Project Overwatch

What is it

At it's heart a Data Quality System (DQS) is a solution that allows you to apply repeatable standard processes to validate and enforce data quality standards. Typically there will be a technology supporting the process as this makes it more efficient and easier to implement new DQ checks, but that is not always a requirement. It should however stand alone from the source systems it is administering. The reasons for this are numerous but in essence boil down to the solution being system agnostic (i.e. it should work the same way against ALL source systems both now and in the future) and not losing DQ history when source systems are upgraded or replaced. In terms of standards and repeatability, there should be one (or perhaps a distinct few) ways to instantiate a new DQ check. This check should record information in a standard way that allows you to do the following:

Identify the individual records that are causing a DQ issue
The issue being identified
When the issue was first identified
The last time the issue was identified (i.e. has it been fixed)
Who created the issue and who fixed it

Together, these individual data captures should be able to give the business some assurances around the number of new issues being created (and therefore whether training, front end validation, or operating processes need addressing) and also the "mean time to Fix" for DQ issues that have been flagged. Individual DQ checks should be runnable on demand or on a scheduled basis: Some errors need to be picked up in near real-time, others on a daily basis and some on a weekly, monthly or quarterly basis. The DQS should be able to run checks against different systems and also combine data from different sources (to enable discrepancies to be identified).

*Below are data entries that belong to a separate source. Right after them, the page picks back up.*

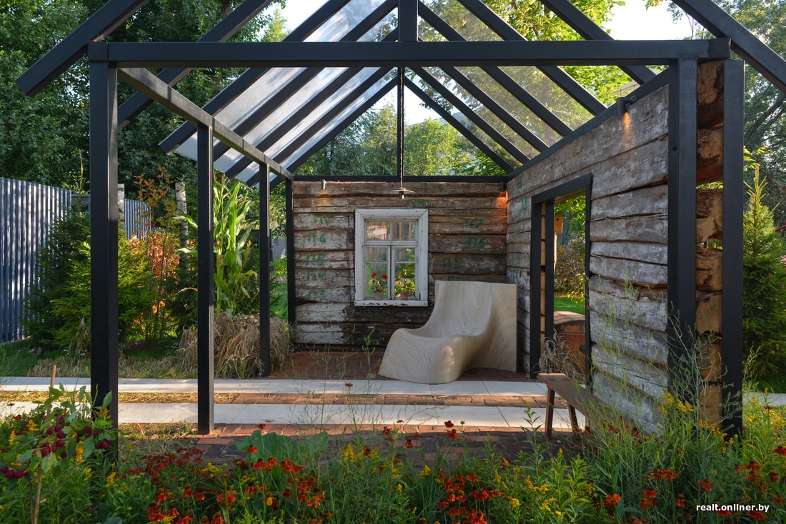 — Сад — это продолжение стилистики дома, он должен совпадать с ним по форме, цвету и материалам. Согласитесь, кантри с хай-теком не очень сочетаются. Предположим, что в основном здании лофт-интерьер. Тогда мы построим к нему такую же беседку, похожую на обрушившуюся крышу с застекленными перегородками, поверх которой будет идти проводка. А внутри повесим большущую классическую хрустальную лампу как некое противопоставление.
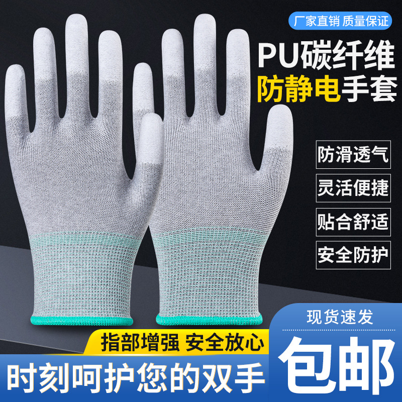 帯電防止労働保護手袋炭素繊維 PU コーティングされた指コーティングされた手のひらエレクトロニクス工場防塵通気性非スラグ卸売滑り止め
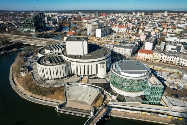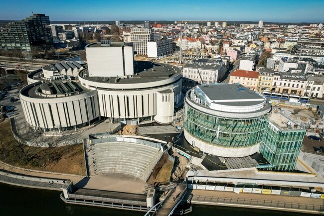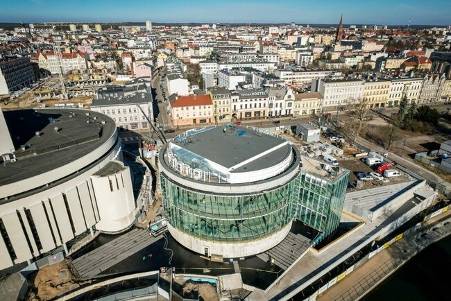 W nowym czterokondygnacyjnym skrzydle kompleksu – tak zwanym czwartym kręgu – oprócz operowej sali kameralnej (z fosą orkiestrową dla siedemdziesięcioosobowego zespołu i widownią na 500 osób), znajdą się przestrzeń wystawiennicza i sala kinowa. Rotunda z tarasem widokowym od strony Brdy, w której trwają obecnie prace wykończeniowe i instalacyjne, ma 6 tys. metrów kwadratowych i kubaturę 40 tys. metrów sześciennych. Powstający jednocześnie bardzo potrzebny w tym miejscu dwupoziomowy podziemny parking – ma być gotowy w połowie tego roku - będzie miał 212 stanowisk postojowych. Wartość inwestycji to ponad 190 mln złotych.
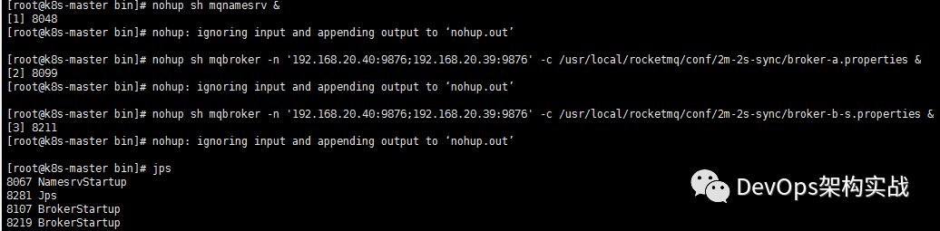 [root@k8s-master bin]# nohup sh mqbroker -n '192.168.20.40:9876;192.168.20.39:9876' -c /usr/local/rocketmq/conf/2m-2s-sync/broker-b-s.properties &
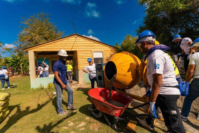 República Dominicana. Voluntarios del Banco Popular Dominicano, en alianza con Hábitat para la Humanidad República Dominicana, realizaron una jornada de trabajo en la comunidad de Duzón, municipio de Yaguate, mediante la cual se construyeron pisos de concreto en cinco viviendas y se remozó una cancha deportiva, con la participación de alrededor de 200 personas.
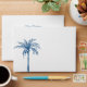 Customize this elegant design featuring modern script typography with your name and return address on the back flap. An artistic blue palm tree adorns the front while the inside of the envelope features a white palm tree pattern over a blue background. If you need help or matching items, please contact me.

A DQS will typically have the following components and features

A standard way of writing new DQ rules
A way to run these rules on demand or on a schedule
A way to record the results of the particular DQ check so that we can
- Report on currently outstanding DQ issues
- Provide historical performance reporting on the number of issues created and fixed
A way to expose specific DQ issues record sets to the relevant audiences:

The same DQ issue may need to be reported to multiple groups in different contexts:
- Housing officers need to know the individual errors to be checked
- Area Managers need to know how many fixes each HO is responsible for and how old they are
- Head of Service needs to know how many issues are outstanding in each area and what the trend is over the last 4 weeks

Where your source systems don't have sufficient capability the DQS should also have the ability to identify business activity that requires a new action or response from another team or colleague, or where an action has not been recorded in a suitable time frame to escalate this up the chain of command or record the breach in SLA as a DQ issue. For example, if a CRM call comes in for domestic violence, you may have an SLA of a support worker response within 90 minutes. The DQS could send an email to the relevant team alerting them of a new urgent requirement and if no activity has been recorded within 60 minutes, send a follow up email with high urgency AND an SMS to the Head of Service advising of an imminent SLA breach and safeguarding issue. If the action is still not recorded in time, it should record it as a DQ issue so that we have a historical record of SLA breaches, even if the relevant action record is added at a future date with a retrospective action time: The action needs to be both taken and recorded within time to prevent an SLA breach.

Why do We need one

The short answer is that you probably already have one, but it will be informal and spread all over G_d and creation; a combination of system reports, DWH reports, system extracts, fancy in-department-built Excel/Access reports with complex formulas, fragile pivot tables and VBA code. Each check will be custom designed to address the individual problem that was identified with no consideraton to system performance, historical tracking or providing feedback to the relevant departments and teams to address (or better) prevent the issues from occurring and persisting. This "shadow solution" presents the standard challenges of no IT support, infrequent and manual operations and no oversight of how much effort is put into identifying, fixing and preventing errors.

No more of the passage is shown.